Re: [linus:master] [filemap] c8be038067: vm-scalability.throughput -27.3% regression

"Yin, Fengwei" <fengwei.yin@xxxxxxxxx> · Fri, 24 Nov 2023 14:42:24 +0800



On 11/24/2023 12:05 AM, Yin, Fengwei wrote:
> 
> On 11/20/2023 9:48 PM, kernel test robot wrote:
>>
>> hi, Fengwei,
>>
>> we noticed c8be038067 is the fix commit for
>> de74976eb65151a2f568e477fc2e0032df5b22b4 ("filemap: add filemap_map_folio_range()")
>>
>> and we captured numbers of improvement for this commit
>> (refer to below
>> "In addition to that, the commit also has significant impact on the following tests"
>> part which includes several examples)
>>
>> however, recently, we found a regression as title mentioned.
> I can reproduce the regression on an Ice Lake platform with 256G memory + 72C/144T.
> 
>>
>> the extra information we want to share is we also tested on mainline tip when
>> this bisect done, and noticed the regression disappear:
> I can also reproduce this "regression disappear on latest mainline". And I found
> the related commit was:
> 
> commit f5617ffeb450f84c57f7eba1a3524a29955d42b7
> Author: Matthew Wilcox (Oracle) <willy@xxxxxxxxxxxxx>
> Date:   Mon Jul 24 19:54:08 2023 +0100
> 
>     mm: run the fault-around code under the VMA lock
> 
> With this commit, the map_pages() could be called twice. The first is with VMA lock hold.

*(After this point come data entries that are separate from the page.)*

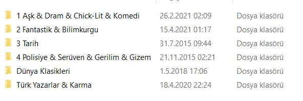 birde sınıflandırılmamış klasörümde 4000 yakın kitap mevcut nette bulduklarımı indiriyorum.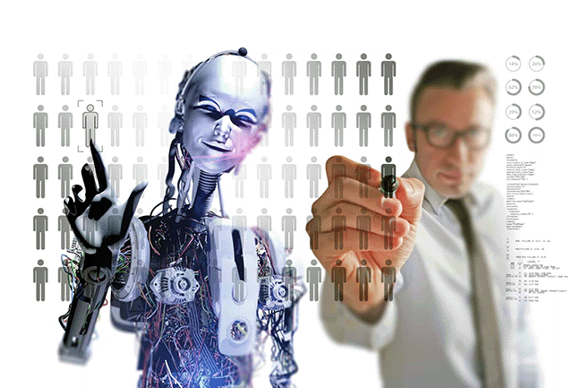 Вештачком интелигенцијом се сматрају сложене машине које не делују само по програму који има је „убачен у главу“, него и да саме себе обучавају и коригују. Чак и да чине и оно што није било у њиховом првобитном програму.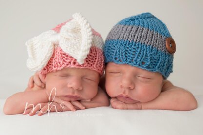 Quick and easy hats knitted with worsted weight yarn and large size needles. You can make each hat in less then an hour. Perfect for a baby shower gift, hospital baby hats, photo props, or just a cute hat to make for your little one, in any color you choose!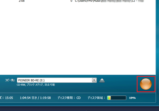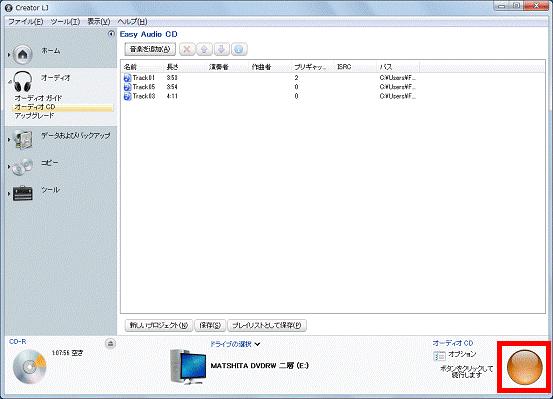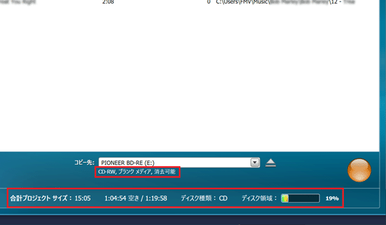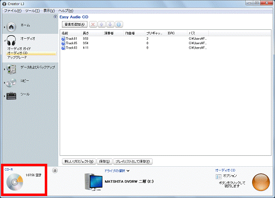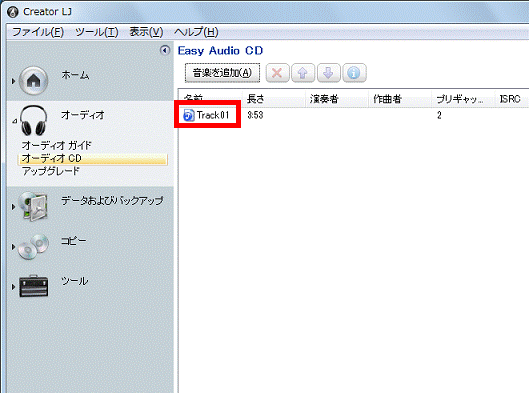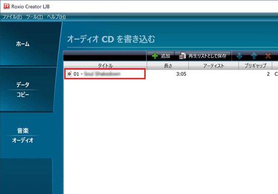 読み込んだ音楽(ディスクに書き込む音楽)が表示されていることを確認します。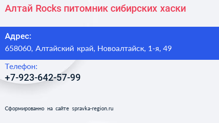 Алтай Rocks, питомник сибирских хаски по адресу 658060, Алтайский край, Новоалтайск, 1-я, 49 в дальнейшем Организация, размещена в следующих категориях:

> The second one is with mmap_lock (even no set_pte because of !pte_none()).
> 
> With this commit reverted, the regression can be restored to some level.
> 
> 
> And The reason that the "regression disappear on latest mainline" is related with
> 
> commit 12214eba1992642eee5813a9cc9f626e5b2d1815 (test6)

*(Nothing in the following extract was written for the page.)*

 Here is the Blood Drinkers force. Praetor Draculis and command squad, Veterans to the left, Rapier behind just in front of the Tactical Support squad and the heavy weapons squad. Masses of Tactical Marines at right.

> Author: Matthew Wilcox (Oracle) <willy@xxxxxxxxxxxxx>
> Date:   Fri Oct 6 20:53:17 2023 +0100
> 
>     mm: handle read faults under the VMA lock
> 
> 
> This commit eliminates the second call of map_pages() and the regression can be
> restored to some level.
> 
> We may still need to move following code block before fault around:
>         ret = vmf_can_call_fault(vmf);
>         if (ret)
>                 return ret;
> 
>>
>> # extra tests on head commit of linus/master
>> # good: [9bacdd8996c77c42ca004440be610692275ff9d0] Merge tag 'for-6.7-rc1-tag' of git://git.kernel.org/pub/scm/linux/kernel/git/kdave/linux
>>
>> the data is even better than parent:
>>
>>   "vm-scalability.throughput": [
>>     54122867,
>>     58465096,
>>     55888729,
>>     56960948,
>>     56385702,
>>     56392203
>>   ],
>>
>> and we also reverted c8be038067 on maineline tip, but found no big diff:
>>
>> # extra tests on revert first bad commit
>> # good: [f13a82be4c3252dabd1328a437c309d84ec7a872] Revert "filemap: add filemap_map_order0_folio() to handle order0 folio"
>>
>>   "vm-scalability.throughput": [
>>     56434337,
>>     56199754,
>>     56214041,
>>     55308070,
>>     55401115,
>>     55709753
>>   ],
>>
>>
>> commit: 
>>   578d7699e5 ("proc: nommu: /proc/<pid>/maps: release mmap read lock")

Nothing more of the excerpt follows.